Opinion articles provide independent perspectives on key community issues, separate from our newsroom reporting.

Op-Ed

Beshear’s brags about Kentucky’s health-care success ring hollow

In case you missed it, former Gov. Steve Beshear gave the Democrats’ response to President Trump’s recent address to Congress. His selection was predictable given Republican disarray on health care policy and Democrat disarray in the heartland. Democrats are lately losing big among drawling, white men like Beshear.

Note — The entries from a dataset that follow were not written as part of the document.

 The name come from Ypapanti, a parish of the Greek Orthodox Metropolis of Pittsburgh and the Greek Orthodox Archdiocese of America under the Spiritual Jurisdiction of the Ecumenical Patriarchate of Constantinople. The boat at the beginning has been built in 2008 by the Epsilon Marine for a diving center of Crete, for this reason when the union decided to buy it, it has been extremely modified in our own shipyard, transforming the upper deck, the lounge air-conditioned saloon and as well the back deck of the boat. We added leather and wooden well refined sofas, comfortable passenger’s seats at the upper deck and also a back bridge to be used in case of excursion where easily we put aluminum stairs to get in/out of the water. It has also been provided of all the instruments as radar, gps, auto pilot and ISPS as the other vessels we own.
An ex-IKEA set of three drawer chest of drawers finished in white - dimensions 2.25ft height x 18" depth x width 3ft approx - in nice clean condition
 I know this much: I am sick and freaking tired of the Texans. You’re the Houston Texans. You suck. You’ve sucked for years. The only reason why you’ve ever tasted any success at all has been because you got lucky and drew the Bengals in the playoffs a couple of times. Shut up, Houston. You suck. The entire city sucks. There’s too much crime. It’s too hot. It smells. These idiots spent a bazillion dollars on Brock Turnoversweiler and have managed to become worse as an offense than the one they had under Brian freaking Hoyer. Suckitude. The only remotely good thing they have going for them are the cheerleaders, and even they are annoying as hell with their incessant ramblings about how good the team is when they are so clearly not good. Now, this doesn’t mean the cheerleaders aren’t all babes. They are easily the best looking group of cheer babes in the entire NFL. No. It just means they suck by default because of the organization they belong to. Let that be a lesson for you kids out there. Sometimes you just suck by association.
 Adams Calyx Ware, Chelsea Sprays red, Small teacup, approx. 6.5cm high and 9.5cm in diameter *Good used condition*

It has been beaten into our heads that Kentucky has been an Obamacare success story. Beshear was even President Obama’s guest of honor at the 2014 State of Union Speech. Why? Because Steve Beshear’s website actually worked. That, and he expanded Medicaid.

The former governor is proud that 500,000 people now have health insurance in Kentucky. But let’s be honest. Nearly all of those people, including childless, non-working, able-bodied adults, are now on Medicaid. People rightly question why the nation’s individual health insurance market was blown up to have a massive Medicaid expansion. If the Democrats had initially proposed higher taxes and a stand-alone Medicaid expansion, which is what Obamacare is rapidly becoming, it never would have happened.

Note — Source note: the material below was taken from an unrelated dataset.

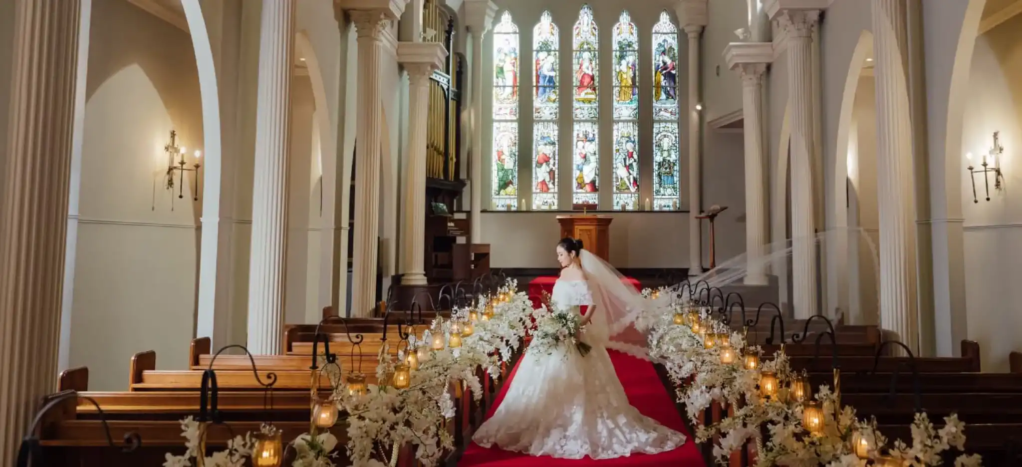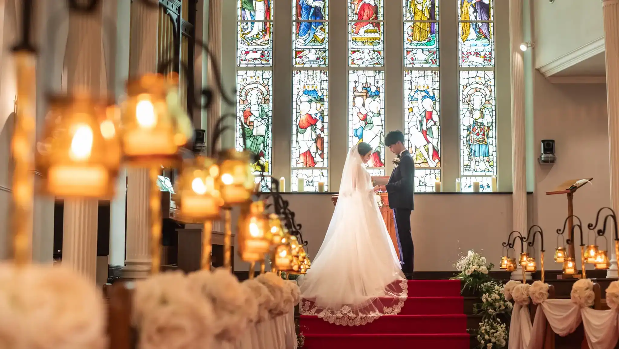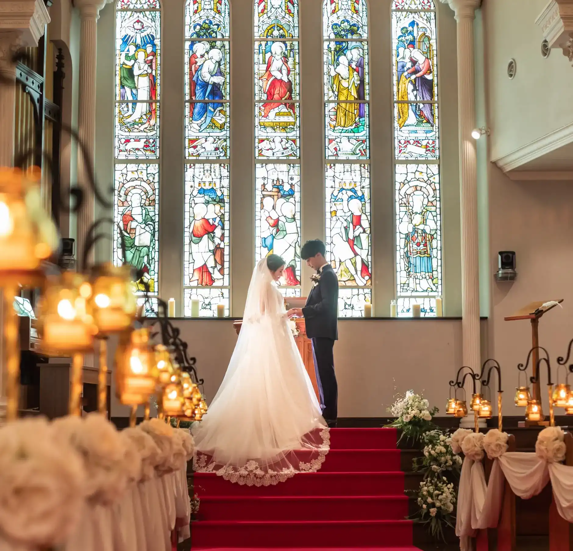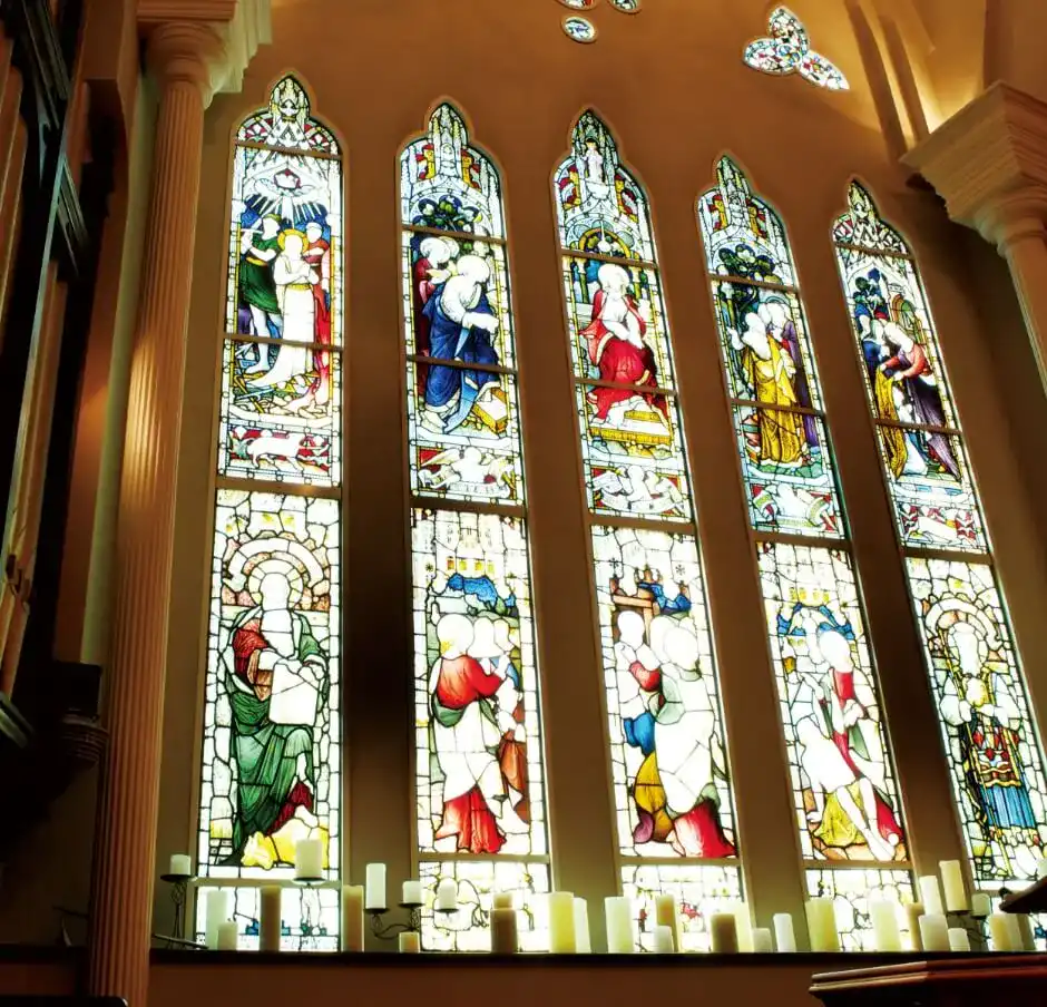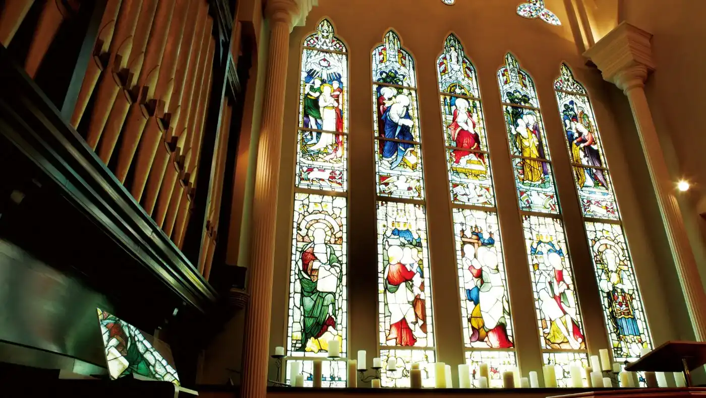 18世紀にヨーロッパで繁栄したロイヤルステンドグラス。繊細で美しい絵画のようなステンドグラスが、季節や天候、時間帯によって表情を変える様子は、見る人の心を奪い忘れられないひとときを創り出す。教会聖堂ならではの美しいシーンを演出します。

Playing the fear card, Beshear warned that a repeal of Obamacare will imperil people’s health. Because the subsidized, commercial insurance side of Obamacare is already collapsing, what he is really discussing is rolling back Medicaid. Is there anything other than anecdotal evidence that his Medicaid expansion has improved Kentuckians’ health or decreased emergency room use? And at what cost? When there is a shortage of primary care doctors, sick people go to the emergency room, especially if it is free. Two separate studies of the 2008 Oregon Medicaid expansion published in the New England Journal of Medicine undermine the dogma that Medicaid expansions make people healthier and less likely to use emergency rooms.

Ohio Republican Gov. John Kasich believes that expanding Medicaid is the “Christian thing to do.” Beshear echoes those words. Would Jesus consider the piling of debt on the backs of children, or the taxing of able-bodied adults who work to benefit able-bodied adults who don’t, to be charity? When you tax Neighbor A to benefit Neighbor B, the latter become useful politically. Neighbor A is the person quietly suffering under the higher taxes, higher premiums, higher deductibles, and higher co-pays of Obamacare.

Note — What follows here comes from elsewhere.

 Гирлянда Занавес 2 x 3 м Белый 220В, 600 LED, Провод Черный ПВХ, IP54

Like using meth, the Medicaid expansion is a short-term money buzz that will cause chronic, long-term damage. Beshear evidently considers himself a patriot and a man of compassion, but his moral preening does not negate the truth. Creating more debt in Washington, and more dependency in poor states like Kentucky, will ultimately harm those states and the republic when the bills come due. Is that patriotism and compassion?

Perhaps if the focus of the Obama/Beshear years had been on lowering the costs of medical care and growing the economy, fewer people would have needed Medicaid. Nothing about Obamacare addresses the primary problem in health care — the lack of price transparency and market forces needed to drive down costs. Beshear’s claim that his opponents have no ideas to accomplish those goals is utterly false.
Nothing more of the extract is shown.